Pound Sterling – UK Markets
The British pound closed the day modestly lower vs the dollar while remaining virtually unchanged against the euro on Thursday as the Bank of England preserved its cautious tone amid Brexit uncertainty and failed to help the currency. As expected, the BoE’s Monetary Policy Committee announced that it held the policy rate unchanged at 0.75% and said that it kept the asset purchase facility steady at €435 billion. “Economic outlook will depend significantly on Brexit, the BoE forecasts continue to assume a smooth transition," the bank said in its policy statement and repeated that the policy response to Brexit could be in either direction. In its updated economic projections of the Quarterly Inflation Report (QIR), the bank revised its 2019 GDP growth expectation up to 1.5% from 1.2% reported in the previous QIR.
In his remarks, Governor Mark Carney said that interest rate increases would be required after a smooth Brexit. “We are talking about more withdrawal of monetary stimulus, but limited relative to history,” Carney explained. "There are insufficient hikes in the current market curve. More withdrawal of monetary stimulus needed, just not at this meeting." Commenting on the potential negative impact of a hard Brexit, Carney said their data showed that, on average, businesses were expecting the output to go down by 3.5%. “Until Brexit process is concluded, there will be a chance of no-deal, this is the default option," Carney added.
Earlier in the day, the IHS Markit’s data showed that the Construction PMI, which dipped below the 50 marks to show contraction in March, rebounded to 50.5 in April to come in slightly above the market expectation of 50.3.
US Dollar – US Markets
The greenback closed the day higher against both the euro and the pound sterling on Thursday as markets continued to price the lower probability of the Fed going for a rate cut following Chairman Powell’s optimistic remarks on the economic outlook yesterday.
Additionally, the U.S. Census Bureau announced that factory orders in March increased by 1.9% on a monthly basis to beat the market expectation of 1.5%. Moreover, nonfarm productivity in the first quarter increased at its strongest pace since 2014 with 3.6% while unit labour costs in the same period fell 0.9% to hint at a soft wage inflation reading in tomorrow’s labour market data.
Euro – European Markets
The shared currency struggled to find demand on Thursday as the data didn’t signal a meaningful recovery in the economy.
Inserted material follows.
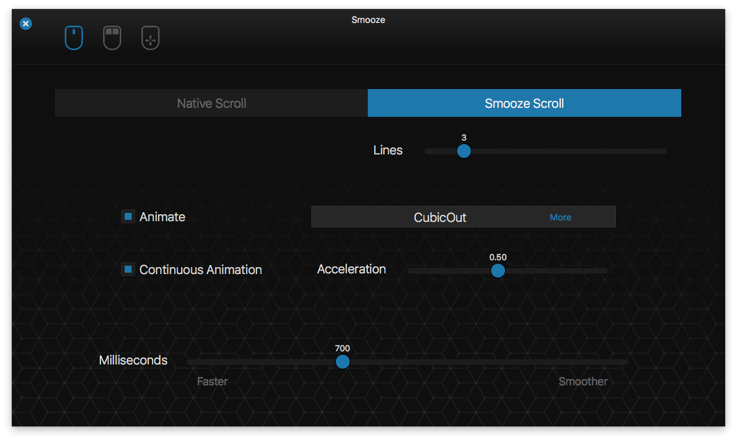 Smooze animates your scroll and adds functionality to your non-Apple mouse (scroll-wheel mouse).

Destatis reported that retail sales in Germany declined by 0.2% on a monthly basis in March. Moreover, the IHS Markit’s Manufacturing report showed that the business activity in the manufacturing sector in Germany contracted in April with the headline PMI coming in at 44.4. Commenting on the data, “The struggles in the car industry continue to ripple through the German manufacturing sector. From electronics and chemicals to basic metals and machinery, firms in almost all sectors are reportedly feeling the effects of the automotive slowdown,” said Phil Smith, Principal Economist at the IHS Markit. On a positive note, the Eurozone Manufacturing PMI improved slightly to 47.9 in the same period from 47.5 in March.
What’s coming up?
UK: The IHS Markit will release its Services PMI report on Friday.
US: The U.S. Bureau of Labor Statistics’ employment report, which will include nonfarm payrolls, unemployment rate, average hourly earnings, and labour force participation rate, will be featured in the U.S. economic docket ahead of the IHS Markit’s and the ISM’s non-manufacturing PMI data.
EU: The Eurostat will release the Consumer Price Index and the Producer Price Index figures on Friday.